Spark GraphX图处理编程实例

所构建的图如下：

Scala程序代码如下：

import org.apache.spark._

import org.apache.spark.graphx._

// To make some of the examples work we will also need RDD

import org.apache.spark.rdd.RDD

object Test {

  def main(args: Array[String]): Unit = {

        // 初始化SparkContext

        val sc: SparkContext = new SparkContext("local[2]", "Spark Graphx");

        // 创造一个点的RDD

        val users: RDD[(VertexId, (String, String))] =

        sc.parallelize(Array((3L, ("rxin", "student")), (7L, ("jgonzal", "postdoc")),

                (5L, ("franklin", "prof")), (2L, ("istoica", "prof"))))

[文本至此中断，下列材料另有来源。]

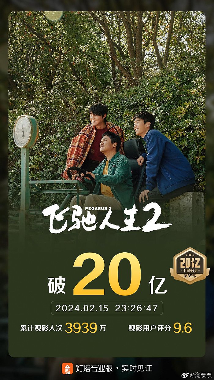 影片《飞驰人生2》票房突破20亿。
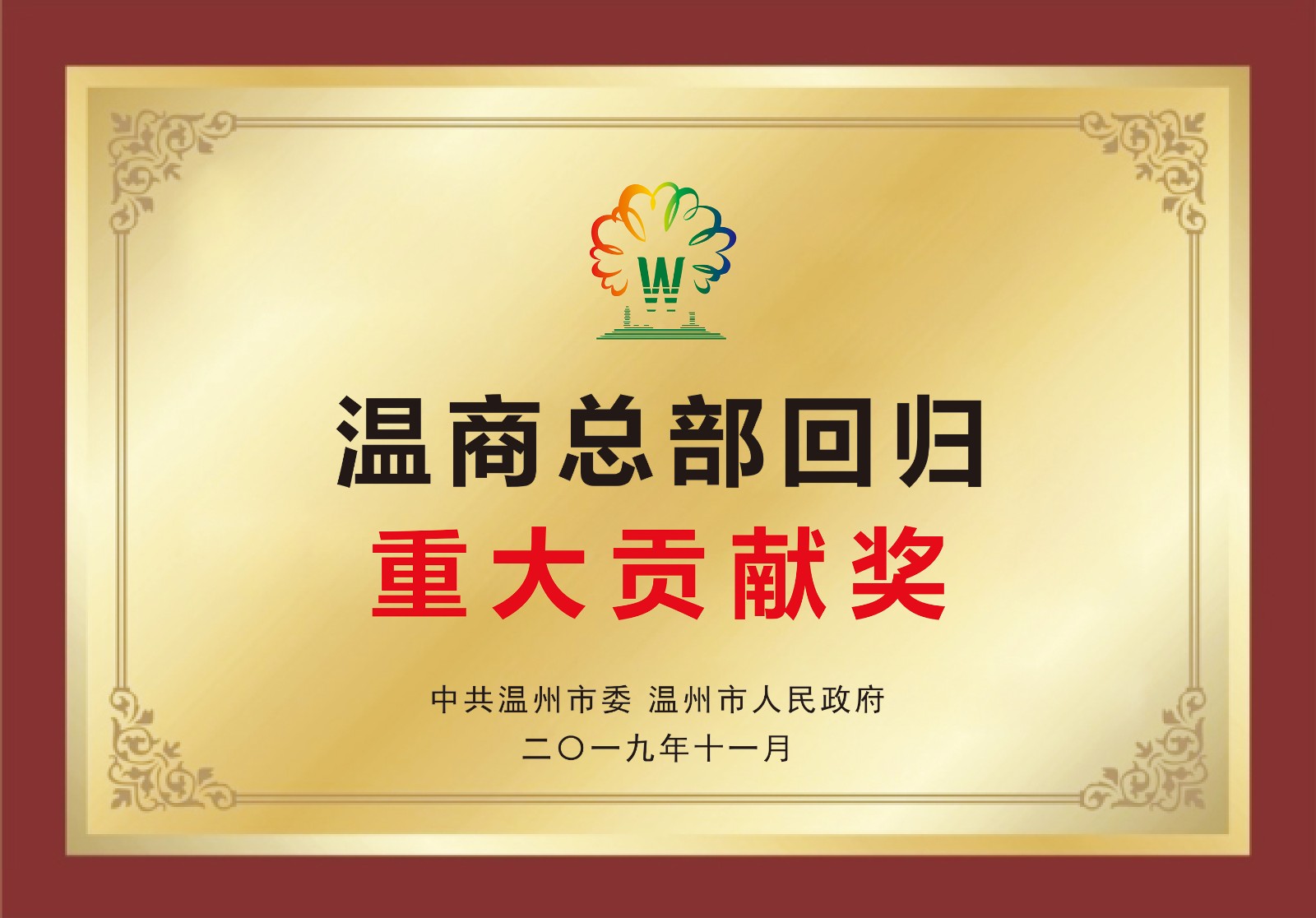 溫商總部回歸重大貢獻獎

        // 创造一个边的RDD，包含各种关系

        val relationships: RDD[Edge[String]] =

        sc.parallelize(Array(Edge(3L, 7L, "collab"), Edge(5L, 3L, "advisor"),

                Edge(2L, 5L, "colleague"), Edge(5L, 7L, "pi")))

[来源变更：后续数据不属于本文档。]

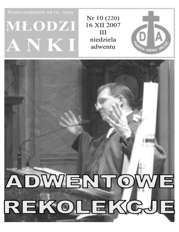 Pismo studentów od św. Anny MŁODZI ANKI Nr 10 (220) 16 XII 2007 III niedziela adwentu KOMENTARZ DO NIEDZIELNEJ EWANGELII ' 1 & % 2 " & , & - ' & ' ! ! ) ' & * " % % % ' " % ) ' , + & % " ! & ! 0 ) ! ) Pytanie zadane przez Jana Chrzciciela towarzyszy nam niezmiennie przez tyle setek lat i wciąż jest niezwykle aktualne. Niby wyznajemy wiarę w Jezusa Chrystusa, ale często podświadomie zastanawiamy się, czy rzeczywiście On jest „tym, który ma przyjść”. Okazji do zwątpienia nie brakuje i można by pomyśleć, że jesteśmy dziś w znacznie trudniejszej sytuacji niż Jan, który żył przecież w tym samym czasie i w tym samym miejscu co Jezus. Czy rzeczywiście on miał „łatwiej” niż my teraz? Aby odpowiedzieć na to pytanie potrzeba nieco głębszej refleksji nad tym, w jaki sposób traktujemy kwestie wiary i naszą relację z Bogiem. Czy jest ona wyłącznie jednym z licznie powtarzanych rytuałów i traktujemy ją tylko jako pewien mało realny symbol, czy też ma ona przełożenie na sposób naszego postępowania i ogólniej na nasze życie. Nie dalej jak tydzień temu zastanawialiśmy się nad tym, po co tak naprawdę faryzeusze wybierali się, aby przyjmować chrzest w Jordanie. Dzisiaj podobne pytanie zadaje nam Chrystus przestrzegając jednocześnie, abyśmy nie traktowali uczestnictwa w poszczególnych formach życia religijnego jedynie w 2 % ' % / & % + - $ ) % # % ) & " ' , * ) . " & % " % & ( (Mt 11,2-11 ) sposób instrumentalny i z przyzwyczajenia. Niestety takie „cukierkowe” przeżywanie niektórych ważnych wydarzeń oraz podkreślanie wyłącznie ich materialnego aspektu są dzisiaj na porządku dziennym. Potrzeba naprawdę nie lada wysiłku, aby mimo tak jednoznacznego przekazu postarać się odnaleźć w Bożym Narodzeniu prawdziwą i głęboką wartość wynikającą ze spotkania z Jezusem, który przychodząc w tak niesprzyjających warunkach nieustannie zaprasza każdego człowieka do nawrócenia i rozpoczynania wszystkiego od nowa. Przeżywając dziś już trzecią niedzielę Adwentu mamy bardzo dobrą okazję, aby pracowity okres bezpośrednich przygotowań do Świąt poprzedzić istotną refleksją i pytaniem – czemu te kolejne Święta Narodzenia Pańskiego mają służyć? Angażując się w przedświąteczne „ważne sprawy” bardzo łatwo zapomnieć o tym, co jest najważniejsze – o spotkaniu z Bogiem. Wtedy rzeczywiście pozostaną nam tylko puste opłatkowe gesty przy wigilijnym stole, smaczna kolacja, prezenty, tradycyjna pasterka i dwa wolne dni od pracy. Marcin Stębelski Być kobietą, która umie czekać Zawsze z radością witam kolejny Adwent – postanowienia, porządki i cierpliwe oczekiwanie na Boże Narodzenie. W ubiegłym roku spędziłam Święta sama, wraz z moją 93 – letnią babcią mieszkającą w niewielkim mieście. Wieczorem w pierwszy dzień Świąt wybrałam się na samotny długi spacer. Idąc ulicą, przyglądałam się świecącym lampkom rozwieszonym na choinkach, ludziom siedzącym w domach lub spacerującym po chodniku i pomyślałam, że oto kolejne Święta, a ja wciąż jestem sama i dalej czekam na miłość swojego życia. Trudno być cierpliwą, trudno nie robić nerwowych ruchów, nie brać sprawy w swoje ręce, nie wyruszać „na łowy”, nie zadawać Bogu ciągle tych samych pełnych pretensji pytań: dlaczego wciąż nie ma przy mnie męża i czemu to jest takie trudne? Ciężko tak po prostu zaufać. „Jestem bowiem świadomy zamiarów, jakie zamyślam co do Was (…) zamiarów pełnych pokoju, a nie zguby by zapewnić Wam przyszłość jakiej oczekujecie” (Jer 29, 11). Tego wieczoru zdałam sobie sprawę, że nie mam wpływu na swoje życie – On go ma, bo jest Bogiem, który zna potrzeby mojego serca lepiej niż ja sama. On nigdy się ani nie śpieszy, ani nie spóźnia – jest zawsze na czas. To ja ciągle nie umiem czekać, cieszyć się z Jego obecności i pozwalać Mu w samotności zmieniać moje serce i przygotowywać się do tego, co dla mnie zaplanował. Czas samotności to czas, w którym Jezus chce przemieniać mnie i każdą kobietę w taką, jaką sam chciałby mieć – kobietę znającą swoją wartość, silną, pełną życia, piękną, odważną, ufną, potrafiącą mówić NIE i pokorną jak Jego matka, czy wiele innych jeszcze bohaterek biblijnych historii. To On daje prawdziwe zaspokojenie i jedynie Jego miłość może wypełnić doskonale moje serce, jest tym, czego potrzebuję by być szczęśliwą. Miłość mężczyzny i do mężczyzny to tylko dodatek – uzupełnienie. Jeżeli relacja z Jezusem nie będzie priorytetową, najgłębszą relacją mojego życia i mojego przyszłego męża, to nie uda nam się zbudować małżeństwa, w którym oboje będziemy wzrastać w miłości, prawdzie, wolności, pokoju i świętości, czyli małżeństwa o jakim tak naprawdę marzymy. Katarzyna Kamińska 3 Jestem w trakcie parafialnych rekolekcji. Pojawiają się więc pytania: Co one mi dają? Czy spełniają moje oczekiwania? Jaki w ogóle mają dla mnie sens? Właściwie to udział w rekolekcjach był zawsze wpisany w mój kalendarz zajęć. Myślę, że jest to czas bardzo potrzebny każdemu z nas, by zatrzymać się na chwilę w przedświątecznym biegu zakupów, porządków domowych i wielu innych codziennych „pilnych spraw”. Po pierwsze, rekolekcje niezwykle mobilizują do głębszego rachunku sumienia oraz skorzystania z Sakramentu Pokuty i Pojednania, co z kolei pozwala z radością i pokojem w sercu przeżywać święta. Poza tym każde rekolekcje stanowią też bogactwo duchowe choćby dlatego, że prowadzi je zawsze inny ksiądz lub zakonnik. Lubię słuchać głoszonych przez nich nauk – każda z nich pomaga mi głębiej spojrzeć w siebie, na własne życie, prawdziwe i często także „wydumane” problemy. Kiedy słucham o różnych świadectwach wiary przedstawianych przez rekolekcjonistów, często kręcą się łezki w moim oku. Są one wyraze

        // 定义一个缺省的用户，其主要作用就在于当描述一种关系中不存在的目标顶点时就会使用这个缺省的用户

        val defaultUser = ("John Doe", "Missing")

        // 构造图

        val graph = Graph(users, relationships, defaultUser)

        // 输出Graph的信息

        graph.vertices.collect().foreach(println(_))

        graph.triplets.map(triplet => triplet.srcAttr + "----->" + triplet.dstAttr + "    attr:" + triplet.attr)

            .collect().foreach(println(_))

        // 统计所有用户当中postdoc的数量

      val cnt1 = graph.vertices.filter { case (id, (name, pos)) => pos == "postdoc" }.count

      System.out.println("所有用户当中postdoc的数量为："+cnt1);

      // 统计所有源顶点大于目标顶点src > dst的边的数量

      val cnt2 = graph.edges.filter(e => e.srcId > e.dstId).count

      System.out.println("所有源顶点大于目标顶点 src > dst的边的数量为："+cnt2);

      // 统计图各个顶点的入度

      val inDegrees: VertexRDD[Int] = graph.inDegrees

      inDegrees.collect().foreach(println(_))

    }

}

相关内置的图操作方法有：

/** Summary of the functionality in the property graph */

class Graph[VD, ED] {

  // Information about the Graph ===================================================================

  val numEdges: Long

  val numVertices: Long

  val inDegrees: VertexRDD[Int]

  val outDegrees: VertexRDD[Int]

  val degrees: VertexRDD[Int]

  // Views of the graph as collections =============================================================

  val vertices: VertexRDD[VD]

  val edges: EdgeRDD[ED]

  val triplets: RDD[EdgeTriplet[VD, ED]]

  // Functions for caching graphs ==================================================================

  def persist(newLevel: StorageLevel = StorageLevel.MEMORY_ONLY): Graph[VD, ED]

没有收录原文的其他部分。